** PROMPT **
Would you transcribe the records below from the line with "(1)五點支撐法:患者仰臥木" to the line with "1991-2000 indgår aktieindkomster", ends included, exactly and with nothing more, leaving the pictures out?

** MATERIAL FOR THIS TASK **
[Start of section]
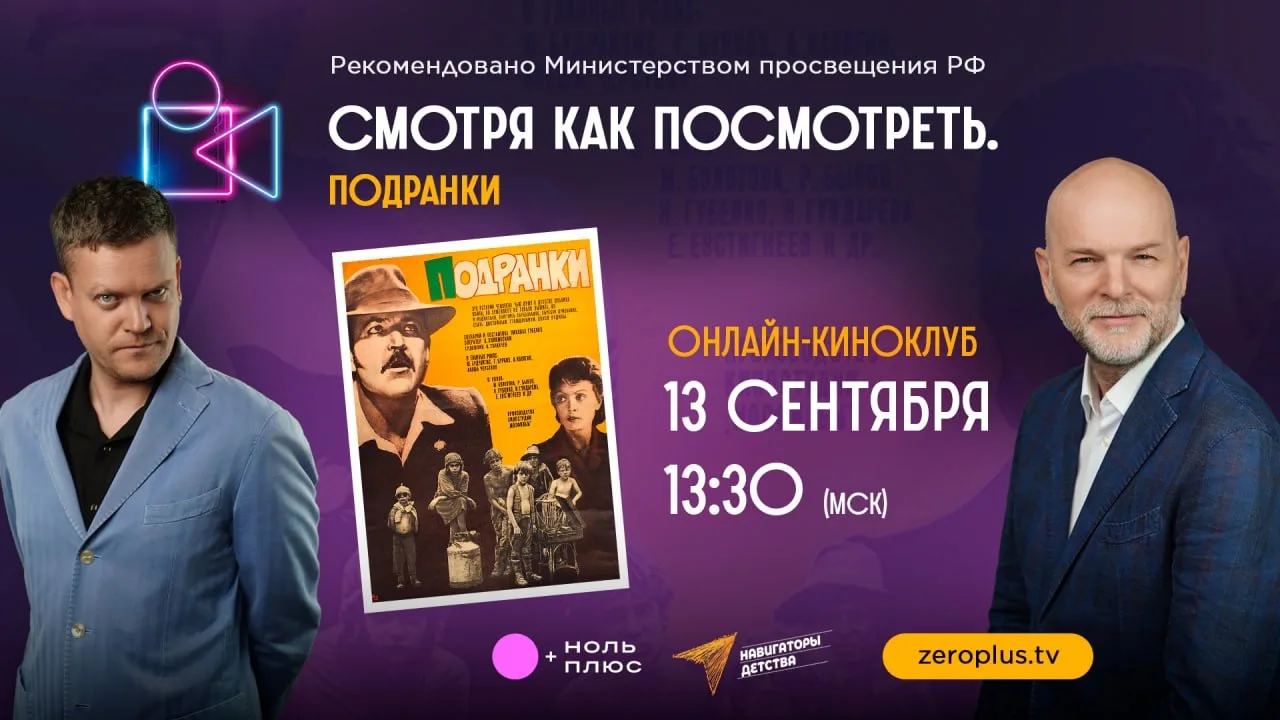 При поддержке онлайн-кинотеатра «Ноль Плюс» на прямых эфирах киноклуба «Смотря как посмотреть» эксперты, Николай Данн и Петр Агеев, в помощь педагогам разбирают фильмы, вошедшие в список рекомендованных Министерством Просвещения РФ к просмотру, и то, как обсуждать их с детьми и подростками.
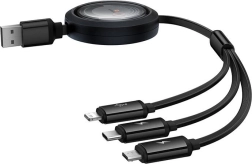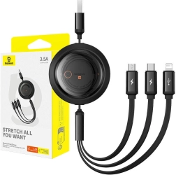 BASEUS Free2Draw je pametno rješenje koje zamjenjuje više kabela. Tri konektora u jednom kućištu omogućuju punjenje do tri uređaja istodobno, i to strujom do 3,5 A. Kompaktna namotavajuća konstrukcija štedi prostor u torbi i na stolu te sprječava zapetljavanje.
[End of section]
[Start of section]
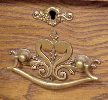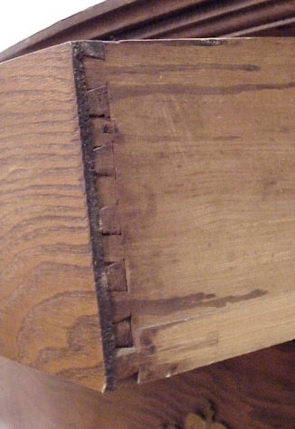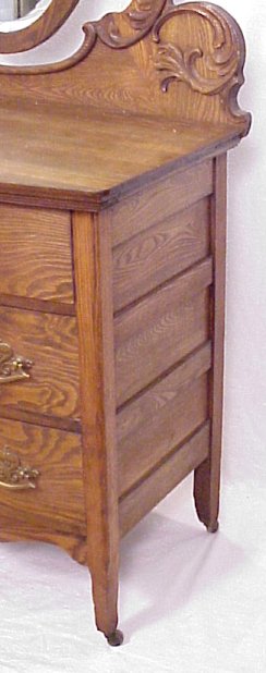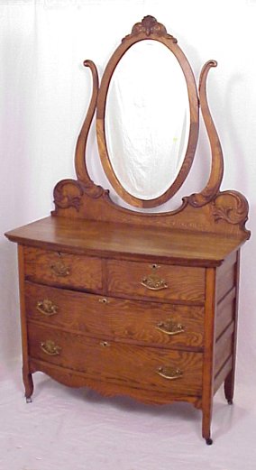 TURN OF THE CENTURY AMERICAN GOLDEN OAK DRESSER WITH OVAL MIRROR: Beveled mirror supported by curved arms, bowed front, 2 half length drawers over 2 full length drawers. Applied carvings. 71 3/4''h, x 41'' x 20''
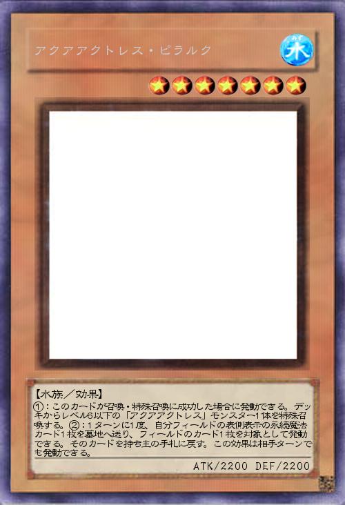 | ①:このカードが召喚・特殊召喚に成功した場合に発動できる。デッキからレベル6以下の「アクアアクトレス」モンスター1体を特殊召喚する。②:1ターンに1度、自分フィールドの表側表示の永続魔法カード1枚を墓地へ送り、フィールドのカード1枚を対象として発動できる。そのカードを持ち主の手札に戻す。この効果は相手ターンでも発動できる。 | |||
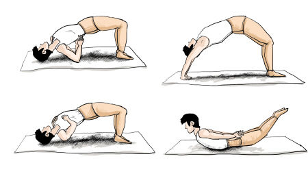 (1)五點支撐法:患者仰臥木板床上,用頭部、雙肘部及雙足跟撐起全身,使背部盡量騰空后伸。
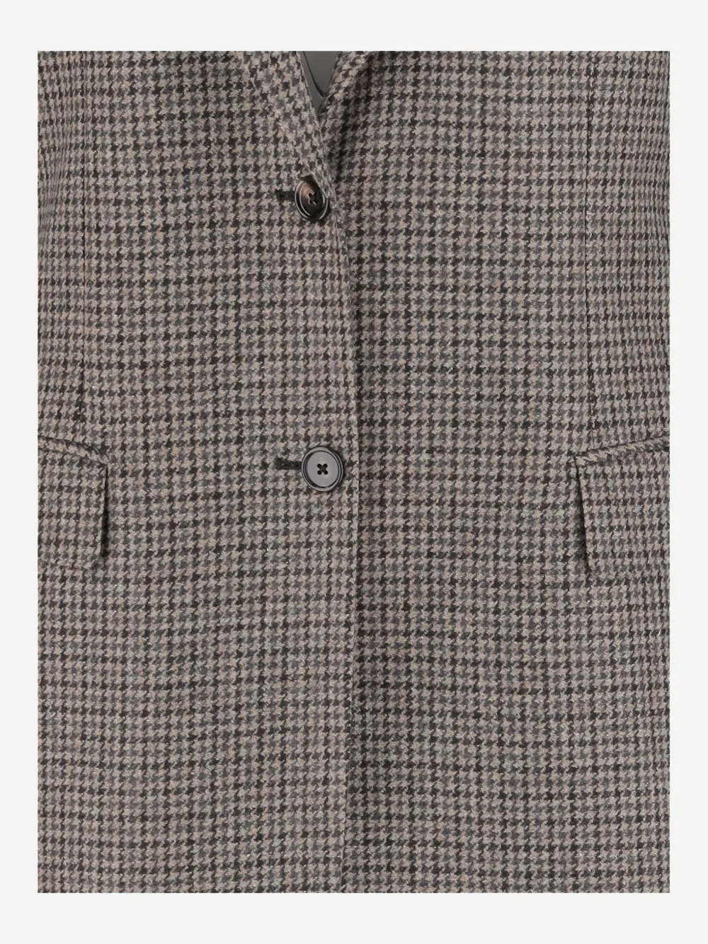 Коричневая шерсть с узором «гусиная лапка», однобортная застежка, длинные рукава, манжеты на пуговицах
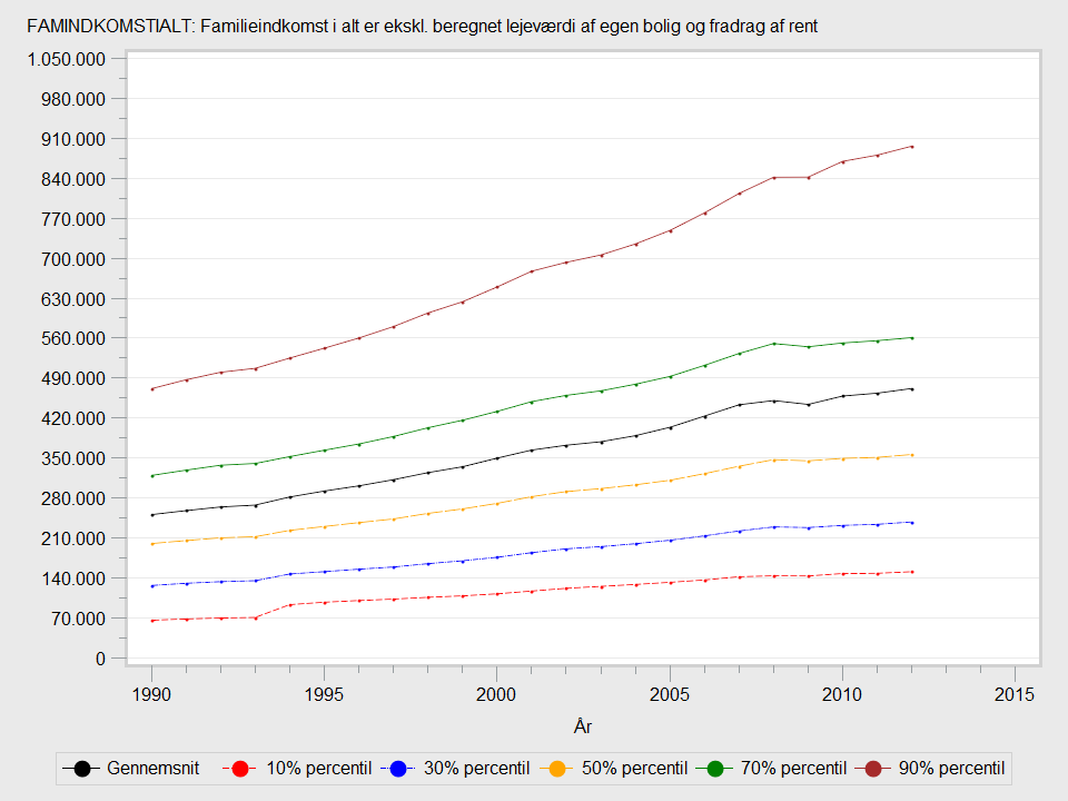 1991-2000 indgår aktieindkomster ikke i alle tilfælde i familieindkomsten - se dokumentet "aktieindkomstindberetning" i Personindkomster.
[End of section]
[Start of section]
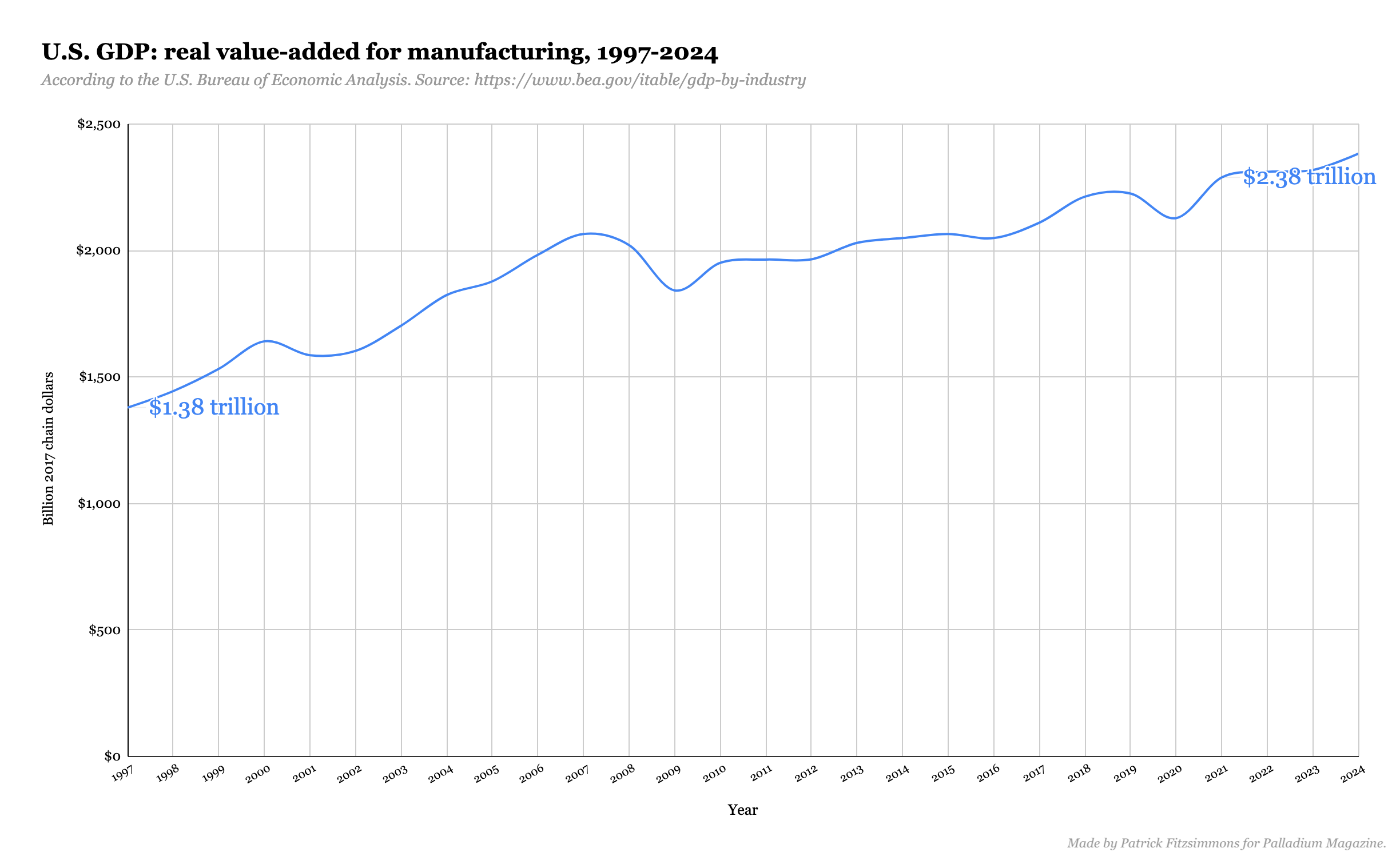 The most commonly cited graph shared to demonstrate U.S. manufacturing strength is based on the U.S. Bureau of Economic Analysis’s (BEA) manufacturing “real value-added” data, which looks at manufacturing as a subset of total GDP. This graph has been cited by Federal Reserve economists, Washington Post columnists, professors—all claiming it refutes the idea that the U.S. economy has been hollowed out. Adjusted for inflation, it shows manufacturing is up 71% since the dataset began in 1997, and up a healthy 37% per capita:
[End of section]
** OUTPUT BELOW **
 (1)五點支撐法:患者仰臥木板床上,用頭部、雙肘部及雙足跟撐起全身,使背部盡量騰空后伸。
 Коричневая шерсть с узором «гусиная лапка», однобортная застежка, длинные рукава, манжеты на пуговицах
 1991-2000 indgår aktieindkomster ikke i alle tilfælde i familieindkomsten - se dokumentet "aktieindkomstindberetning" i Personindkomster.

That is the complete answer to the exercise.